For medical use of a medicinal product

Neurocytin®

Structure:

Active substances:

1 ml of solution contains: citicoline sodium (in terms of citicoline) - 10 mg, sodium chloride - 6 mg, potassium chloride - 0.4 mg, calcium chloride dihydrate - 0.27 mg, sodium lactate - 3.2 mg. Theoretical osmolarity - 288.3 mOsmol;

excipients: water for injection.

Dosage form.

Solution for infusion.

Basic physical and chemical properties: clear, colorless or slightly yellowish liquid.

Pharmacological group.

Solutions for intravenous use. electrolytes in combination with other agents. code atx v05v v04.

Pharmacological properties.

Pharmacodynamics

Neurocytin is a saline solution with a balanced content of electrolytes and citicoline.

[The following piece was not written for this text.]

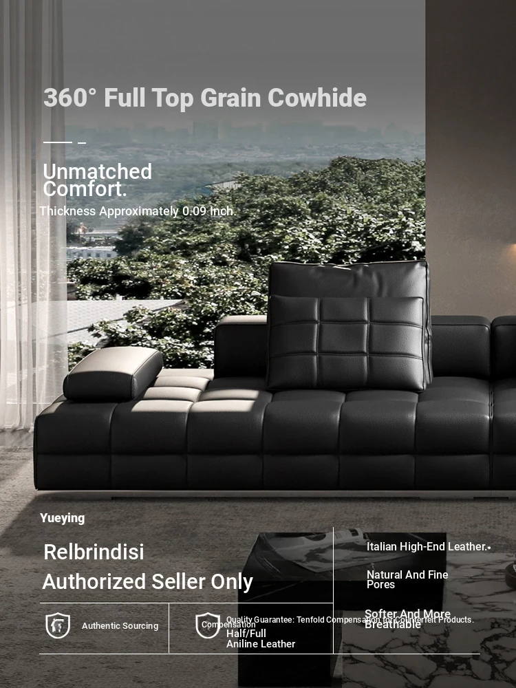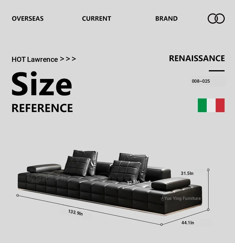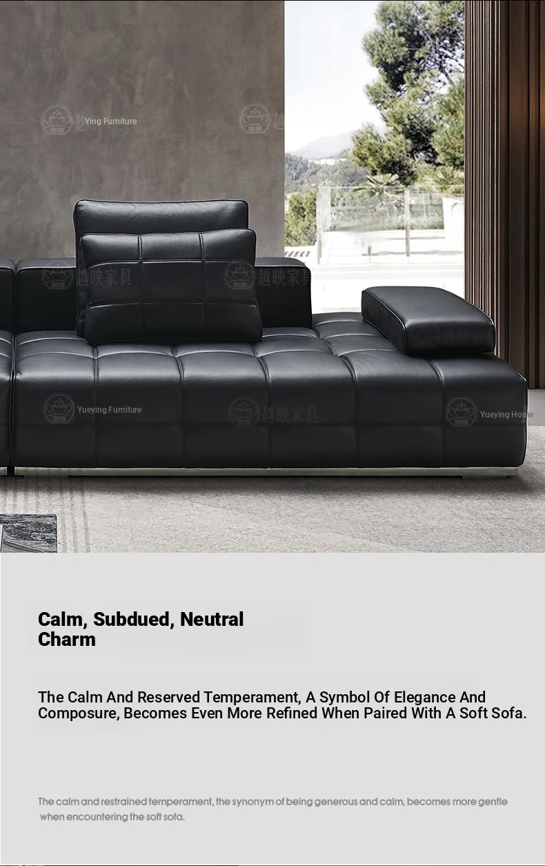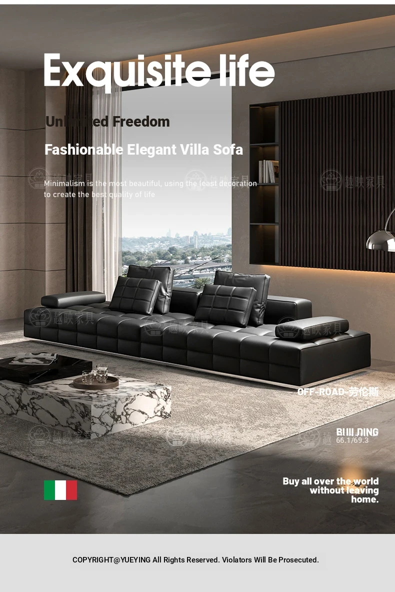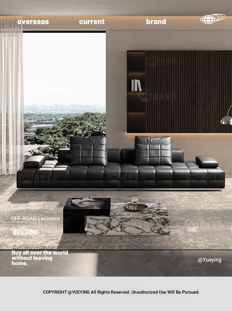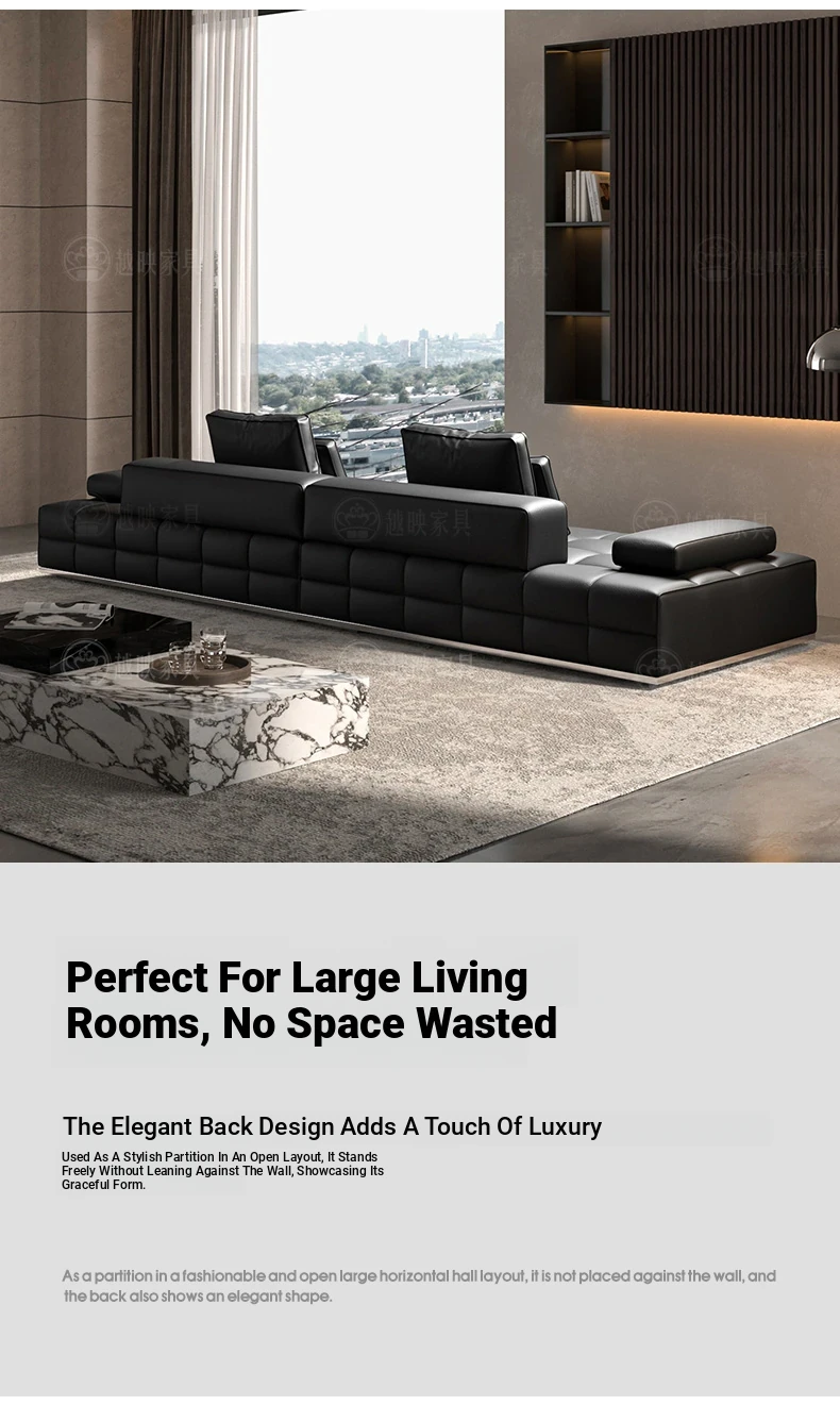 High-End Italian Minimalist Lawrence Sofa - Full Leather, All-Leather Design for Luxurious Living Rooms, Perfect for Large Open Spaces in Sleek Black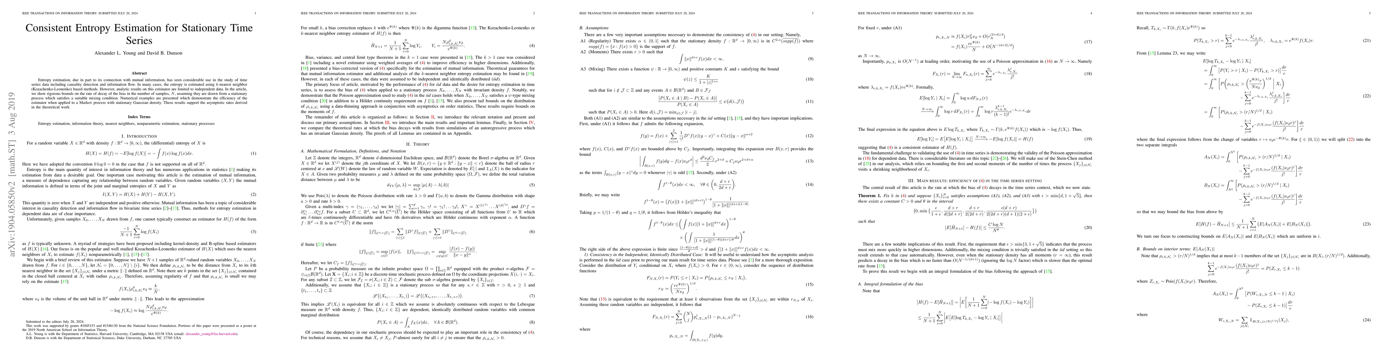 This paper provides rigorous bounds on the entropy estimation bias for stationary time series using $k$-nearest neighbor methods, extending analytic results beyond independent data. Numerical examples validate the estimator's efficiency on Markov processes with stationary Gaussian densities, supporting the theoretical findings.

Citicoline stimulates the biosynthesis of structural phospholipids in the membrane of neurons, improves the functions of membranes, including the functioning of ion-exchange pumps and neuroreceptors. Due to the stabilizing effect on the membrane, citicoline has decongestant properties, therefore, it reduces brain edema. Research results showed that citicoline suppresses the activity of certain phospholipases, prevents the residual formation of free radicals, prevents damage to membrane systems and ensures the preservation of the protective antioxidant system.

Citicoline reduces the volume of damaged tissue, preventing cell death, affecting the mechanisms of apoptosis, and improves cholinergic transmission. Citicoline also has a prophylactic neuroprotective effect in focal brain strokes.

Citicoline promotes rapid functional rehabilitation of patients with acute cerebrovascular accident, reducing ischemic damage to brain tissue, which is confirmed by the results of x-ray studies. With traumatic brain injuries, citicoline shortens the duration of the recovery period and reduces the intensity of the post-traumatic syndrome. Citicoline helps to increase the level of brain activity, reduces the level of amnesia, improves the condition with cognitive, sensitive and motor disorders observed in brain ischemia.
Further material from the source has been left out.